JavaScript JcsEd25519Signature2020 fails against Test Vectors

[Aconitin]

When running the code over here against the Test Vectors , I always receive signatures different to the one(s) in the test vector data.

Is there something special I need to consider to get the example to work? Could you confirm that the Test Vectors are still up-to-date w.r.t. the JavaScript implementation?

It doesn't seem to me that the Test Vectors are the result of following the specification precisely...

[JelleMillenaar]

So after doing some test runs, we concluded that there are currently two "groups" of implementations of JcsEd25519 signing in the repository that are incompatible with each other. The JavaScript implementation follows the spec, by hashing the input first with SHA-256 and using Ed25519 from TweetNaCl. Both Golang and Java don't follow the spec as they don't hash with SHA-256, but instead use an Ed25519 implementation that hashes with SHA-512 during the signature generation (This is probably also incompatible with TweetNaCl). This result is also what matches the Test Vectors and this result was easy to recreate in Rust using the Z-Cash Ed25519 implementation.

Our recommendation would be to alter the spec to remove the SHA-256 hashing step as that is usually taken care of by the Ed25519 signature generation anyway, while also updating the JavaScript implementation to match the Test Vectors.

We would love a response to hear which of the two directions will be chosen as we otherwise have to alter our implementation (Which will be a breaking change for our DID library). Thanks :)

[olivereanderson]

@OR13 and/or @decentralgabe do you know if there are any plans to reconsider the Proof Generation Algorithm in the JcsEd25519Signature2020 specification with regards to the recommendations from @JelleMillenaar and @cycraig (see #26)?

[OR13]

Transmute is not planning to support this suite... there are better alternatives being discussed in the VCWG.

I am happy to review a PR that addresses both implementation and test vectors.

[decentralgabe]

@olivereanderson similarly, I am no longer interested in this work. Aligned with Orie. That said, if you wish to become a new owner, happy to support you there.

[olivereanderson]

Thank you both for explaining (and also for kindly offering to help us if we decide to propose a PR).

@OR13 would you be willing to go into a bit more detail about the alternatives being discussed in the VCWG and how they compare to JcsEd25519Signature2020?

[OR13]

The primary alternative is https://github.com/w3c-ccg/lds-jws2020

It supports all the JOSE signature types, but relies on URDNA2015 for canonicalization, which aligns it with 99% of other Data Integrity Proofs.

You can also just with VC-JWT, which does not require any normalization, supports standard signature envelope formats, and is probably the simplest way of creating a credential with off the shelf libraries.

I'm editor on both of those items in the VC WG, we have not imported any history for either yet, but we are starting that process, here are the repos to follow:

• https://github.com/w3c/vc-jws-2020
• https://github.com/w3c/vc-jwt

[olivereanderson]

@OR13 Thank you very much for your reply and the links. This is indeed useful for us to know.
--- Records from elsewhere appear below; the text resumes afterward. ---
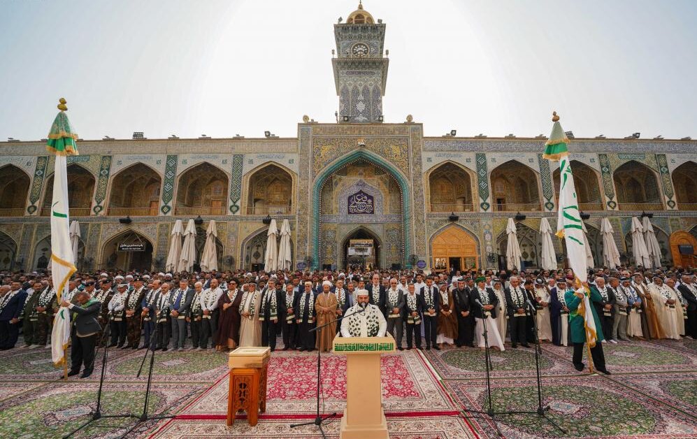 الخرسان، به همراه خادمانی از هیئت مدیره این آستان، پرچم بیعت و وفاداری با امیرالمؤمنین (ع) را برافراشتند و آغاز مراسم هفته جهانی غدیر را اعلام کردند.
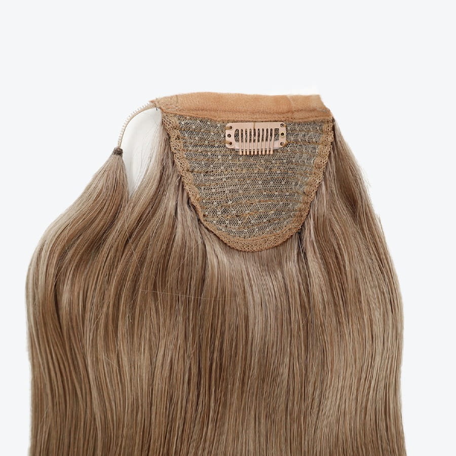 - dodatkowe pasmo przy doczepianym kucyku owiń wokół własnego kucyka aby zasłonić łączenie pomiędzy kucykiem a własnymi włosami
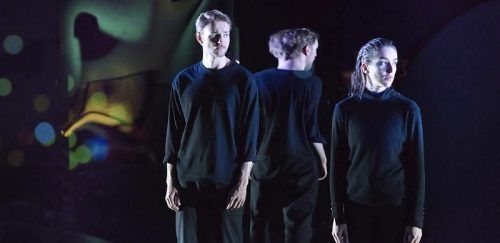 Bewusst nüchtern und gerade deshalb verstörend intensiv agiert das Ensemble von „Offene Wunde“. Hier eine Szene mit Ruth Bohsung und Max Poerting. © Gabriela Neeb
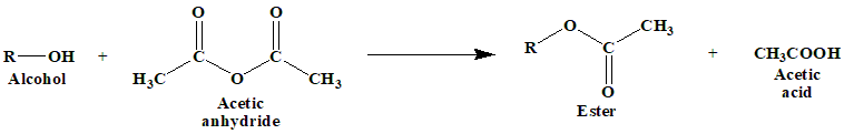 2. Using Acetic Anhydride: The acetic anhydride reacts with the alcohol to form an ester and acetic acid as a by-product. The reaction is:
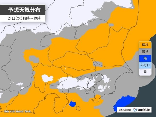 今日21日(水)の関東地方は、気圧の谷の影響で沿岸部ほど雲が広がりやすいでしょう。午前9時現在、神奈川県や千葉県を中心に雪雲や雨雲がかかっています。明日22日(木)の明け方までは、平野部でも雪の降る所があるでしょう。ちらつく程度の雪でも、路面の凍結に注意が必要です。
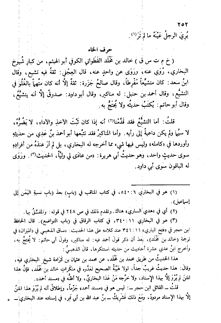قلت أما التَّشَيُّع فقد قدمنَا أَنه إِذا كَانَ ثَبت الْأَخْذ وَالْأَدَاء لَا يضرّهُ لَا سِيمَا وَلم يكن دَاعِيَة إِلَى رَأْيه وَأما الْمَنَاكِير فقد تتبعها أَبُو أَحْمد بن عدي من حَدِيثه وأوردها فِي كَامِله وَلَيْسَ فِيهَا شَيْء مِمَّا أخرجه لَهُ البُخَارِيّ بل لم أر عِنْده من أَفْرَاده سوى حَدِيث وَاحِد وَهُوَ حَدِيث أبي هُرَيْرَة من عادى لي وليا الحَدِيث وروى لَهُ الْبَاقُونَ سوى أبي دَاوُد
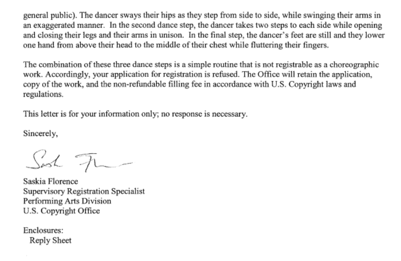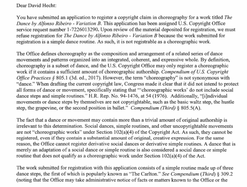 该文件还提到了这样一个事实,即尽管里贝罗说他创作了舞蹈这个动作,但他之前从未试图对其进行版权保护,“大概是因为他知道自己不拥有版权”,这对EPIC来说是个非常好的消息。
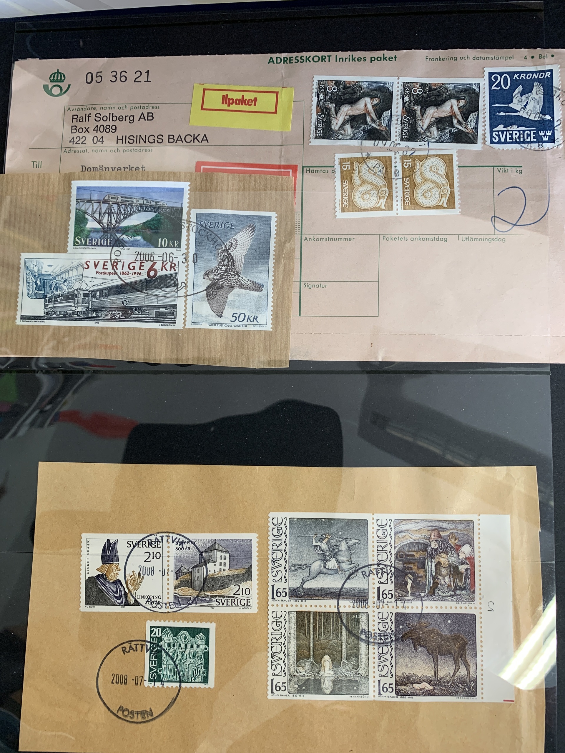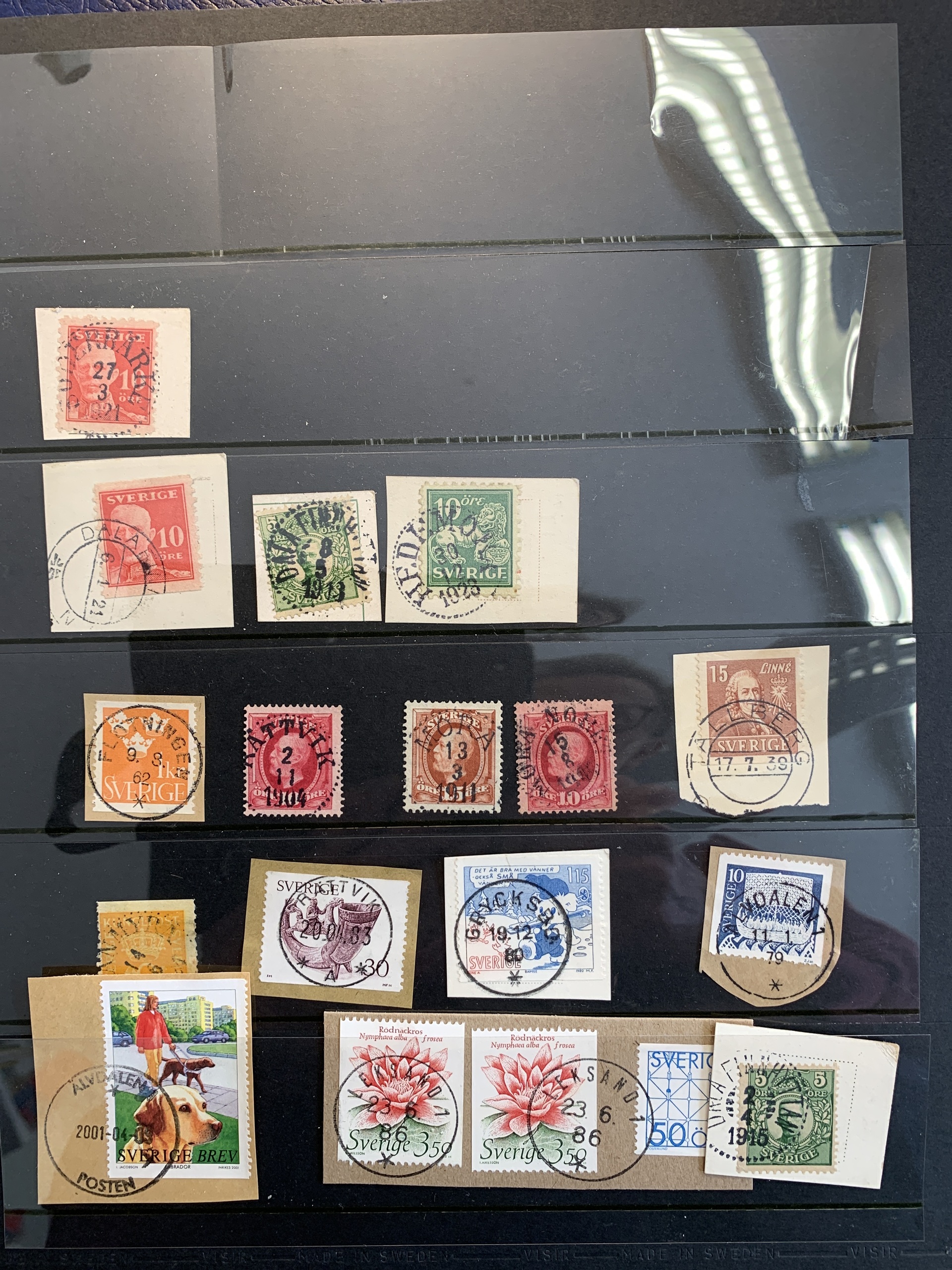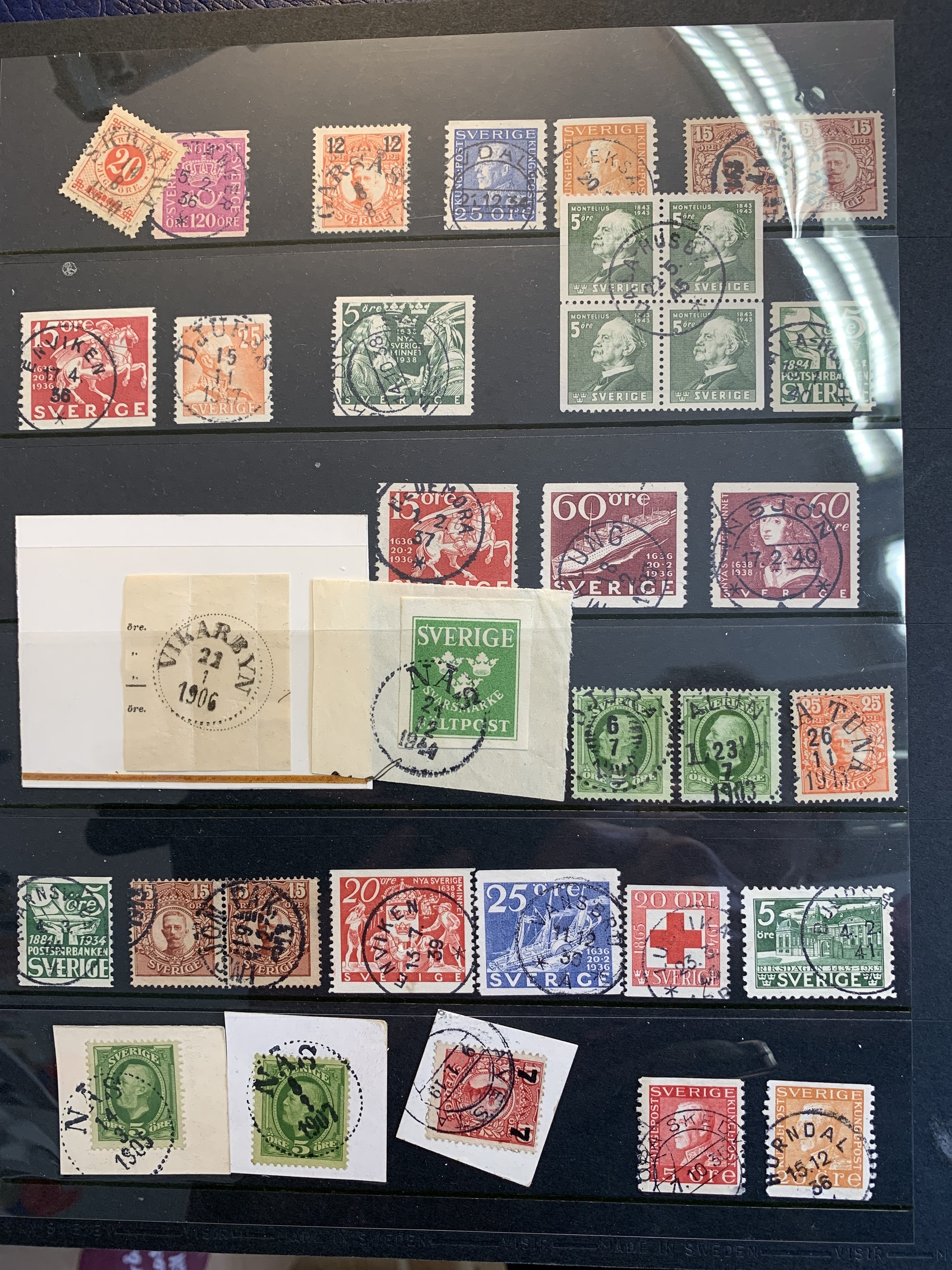 Sweden. Cancellations. Collection with cancellations from Dalarna/Dalecarlia in blue Visir album with slip case. 318 stamps, including cut pieces and ten covers. Please see a selection of scans at www.philea.se.
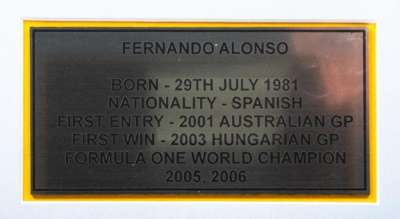 Lot 2 of 226: ALONSO: A box framed collage relating to F1 World Champion Driver Fernando Alonso, including Puma 'ING' racing glove with Fernando Alonso signature surrounded by four photographs and plaque. Measures 84cm wide, 59cm high.
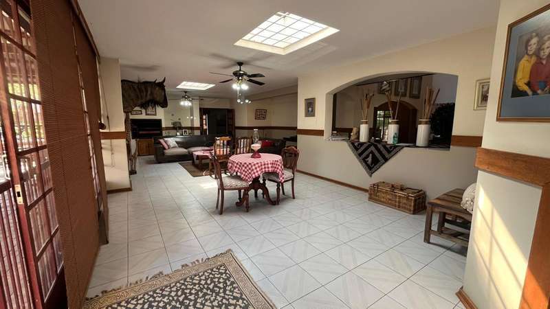 SPACIOUS FAMILY HOME WITH LARGE GARDEN ?Çô PERFECT FOR ENTERTAINERS 4-Bedroom Home with 2 Cottages, Entertainment Area, Pool & Development Potential Property Size: 900m?? under roof | Stand: 5 000m2 of Total Stand10 000m?? If you're looking for generous guesthouse feel living space, a lush garden, and superb entertainment features, this beautifully designed 4-bedroom home ticks all the boxes. Ideal for a large family, work-from-home setups, or even future development, this home offers comfort, versatility, and convenience in a prime location. Property got amble potential to change and develop into a business opportunity. MAIN HOUSE FEATURES: Welcoming reception area Three versatile living areas including: Private lounge TV lounge with fireplace Poolside lounge Dining room with skylight opening onto the patio Guest bedroom (downstairs) with air-conditioning, fireplace, and modern exposed trusses Stylish built-in bar Farm-style kitchen with electric oven & gas hob Separate scullery with ample cupboard space Dedicated laundry room with space for chest freezers and top loader washing machines Upstairs Accommodation: Spacious main bedroom with air-conditioning and en-suite bathroom (corner bath, basin, toilet) Two additional bedrooms, both carpeted with built-in cupboards One bedroom is double-sized ?Çô perfect for a study, playroom, or teen retreat Family bathroom with separate bath/basin and separate shower/basin/toilet OUTDOOR FEATURES: Large entertainment patio Sparkling swimming pool with cover Tennis court Four garages plus a carport BONUS: Two separate cottages ?Çô ideal for guests, rental income, or home office use The additional portion of 5 000m2 land available for further development ?Çô perfect for a guesthouse or extended living Prime Location: Conveniently located just off Jean Avenue with quick access to top schools, Centurion Mall, Southdown's Shopping Centre, Irene Link, and Jean Crossing. Easy connectivity to the N1, N14, and R21 highways, Gautrain Station, and just a short drive to OR Tambo International Airport. Call now to book your appointment to view with Chas Everitt
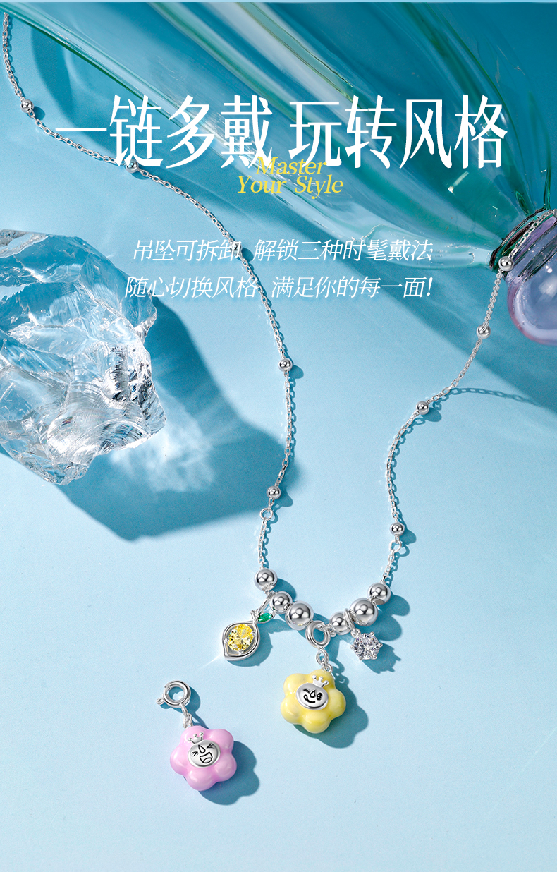 周大生×蜜雪冰城联名雪王项链女银元气一夏多巴胺锁骨链七夕礼物
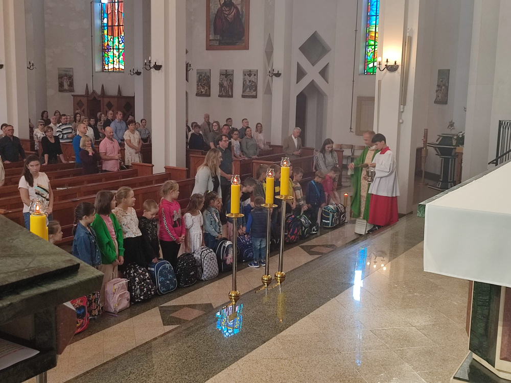 W niedzielę 4 września, podczas Eucharystii zgromadziliśmy się z trzech powodów, pierwszym z nich jest oczywiście niedzielny obowiązek uczestnictwa we Mszy Świętej, drugim początek roku szkolnego i obrzęd pobłogosławienia tornistrów i przyborów szkolnych, a trzecim rozpoczęcie Roku Formacji Ministranckiej. Podczas kazania ks. Dawid wskazał dzieciom, że obowiązki, które wypełniają codziennie, mogą doprowadzić ich do świętości, ale należy zawsze pamiętać o Panu Bogu.
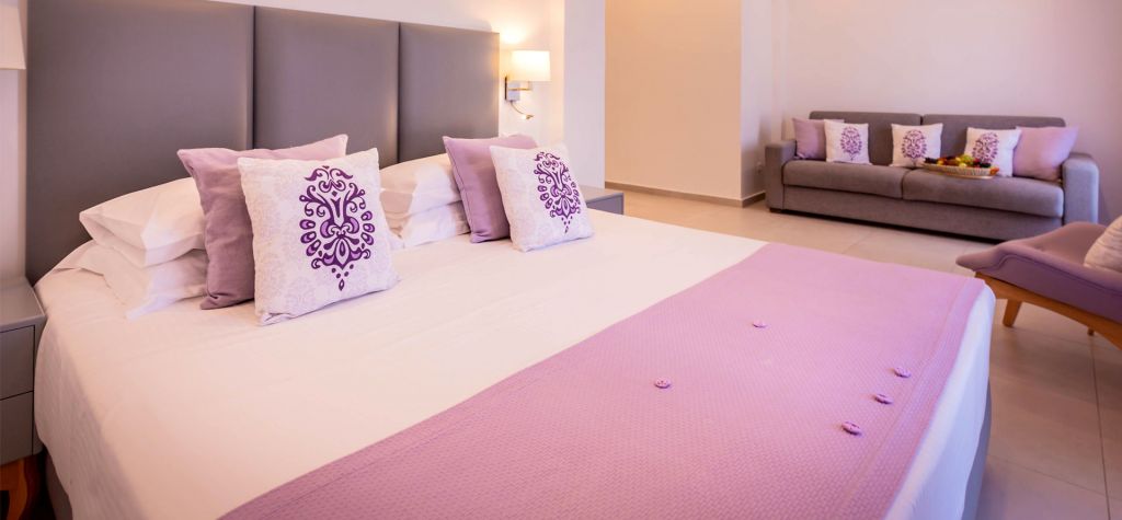 They feature one bedroom with double or two twin beds (up on request), sitting area, bathroom with shower, private balcony with their own Jacuzzi where you can enjoy special moments of relaxation. Accommodates up to 3 guests. Size approx 25 -30 sq.m
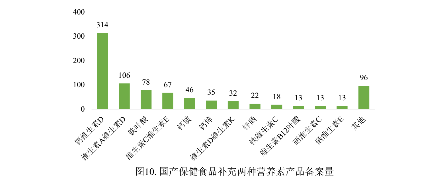 已備案進口保健食品中補充多種維生素礦物質的產品、補充鈣和維生素D的產品和補充維生素D的產品為三大主流產品,備案量分別為9款、9款和7款。
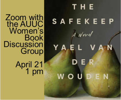 The Women’s Book Discussion Group will meet via Zoom on April 21 to discuss The Safekeep: A Novel by Yael Van der Wouden. Members of the group will receive a Zoom invitation before the meeting.
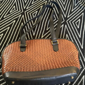 talbots woven leather italian made shoulder bag in chocolate brown and espresso
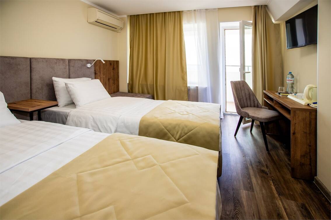 Чайник, Бесплатный Wi-Fi, Ванная комната, Кондиционер/Сплит-система, Мини-бар, Прикроватная тумбочка, Спутниковые каналы, Стол, Стул/Стулья, Телевизор, Телефон, Туалетные принадлежности, Фен, Шкаф, Кресло-кровать, Балкон/терраса, Двусп./2 односп.кровати, Зеркало, Набор одноразовой косметики, Посуда
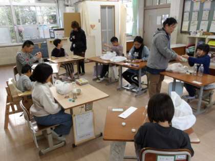 みんなでいっぱい体を動かした後は、図画工作科の学習です。
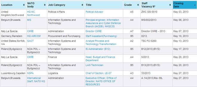 Рис.3 Вакансії Стаття «Можливості для бізнесу» містить у собі інформацію про всі закупівлі та фінансові операції, які проводило НАТО за певний проміжок часу(відповідно до заданого). Стаття «Історія» включає в себе велику кількість інформації про історію самої організації, а також про цікаві події і факти, які стосують НАТО. Стаття «FAQ» містить у собі питання(та відповіді на них), які частіше за все цікавляти відвідувачів сайту та містить інформацію про зворотній зв’язок з представниками самої організації. В даній темі розміщенні питання, яке стосують безпосередньо самої організації, її діяльності, а також інформація про сайт НАТО(коротка інформація для користувача). Другий розділ називається «НАТО від А до Я». Він містить у собі публікації трактування подій, з точки зору організації. Розділ обладнаний алфавітним покажчиком для швидкої навігації.
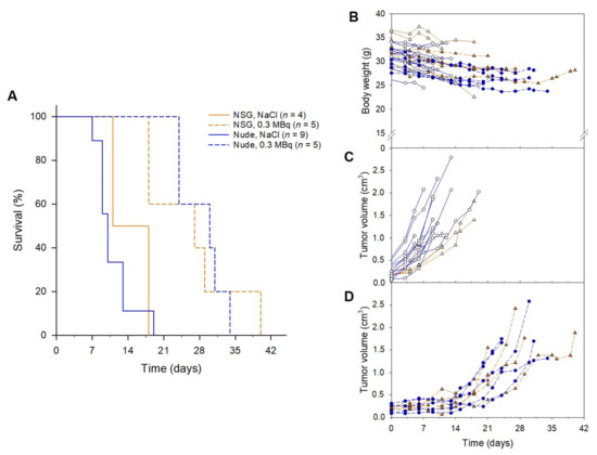 (A) Survival, (B) body weight and (C,D) tumor growth of NSG and athymic nude mice bearing human prostate PC-3 PIP tumors treated with (C) saline or (D) 0.3 MBq of 212Pb-NG001. Survival was estimated by Kaplan–Meier survival analysis followed by log-rank test by pairwise comparisons. n, number of mice per group.
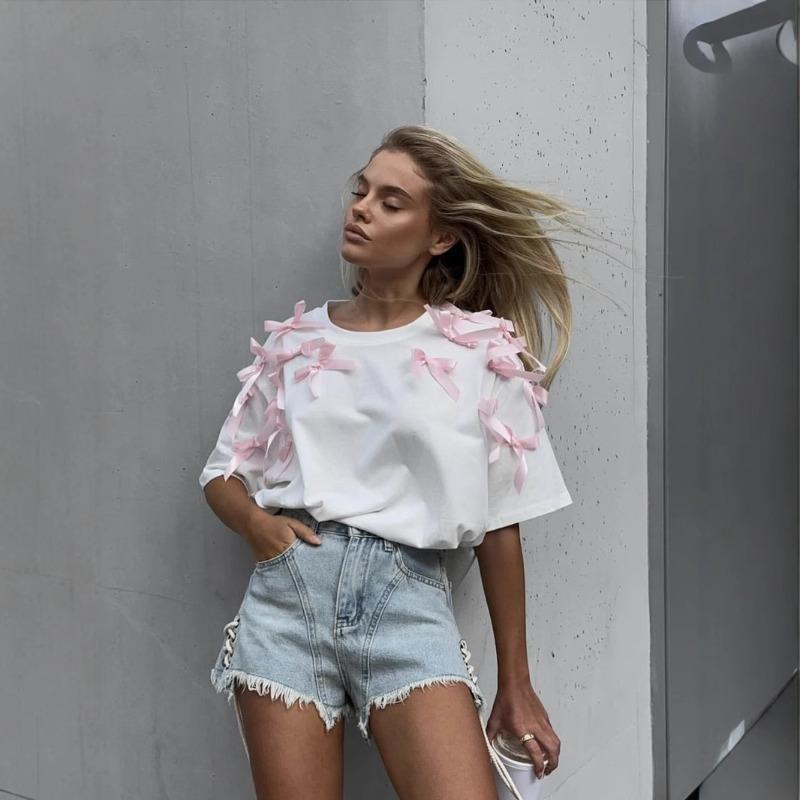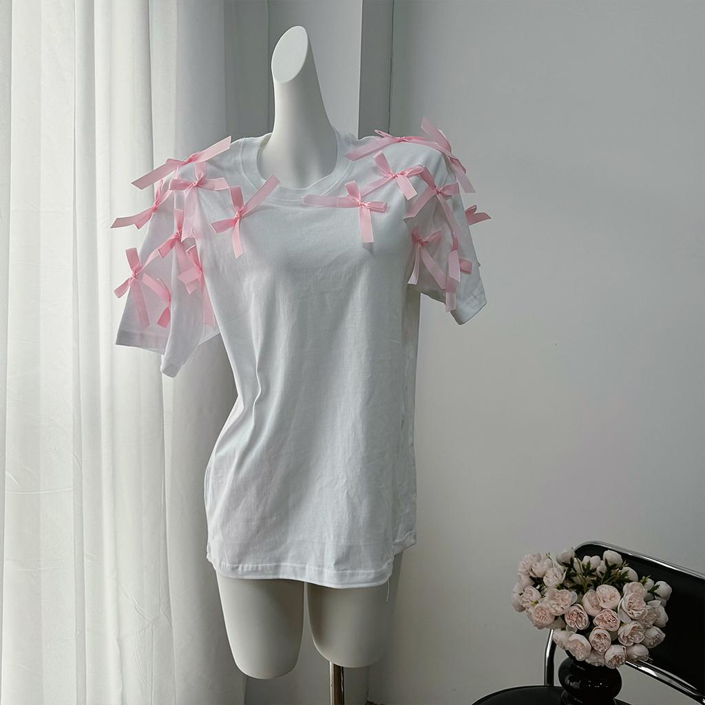 Женский летний милый девичий свободный повседневный топ с коротким рукавом и бантом из ленты

We have yet to make a decision on how to proceed, but from reading the create verify hash algorithm from the VC Data Integrity spec it seems that the problem of knowing whether to hash the value to be signed before passing it to a signature algorithm that (also) hashes internally affects other LD proof suites as well (see the issue under point 5).

[OR13]

Yes, the createVerifyData algorithm, uses hashing an canonicalization to protect RDF.... the exact algorithm is being defined at the W3C.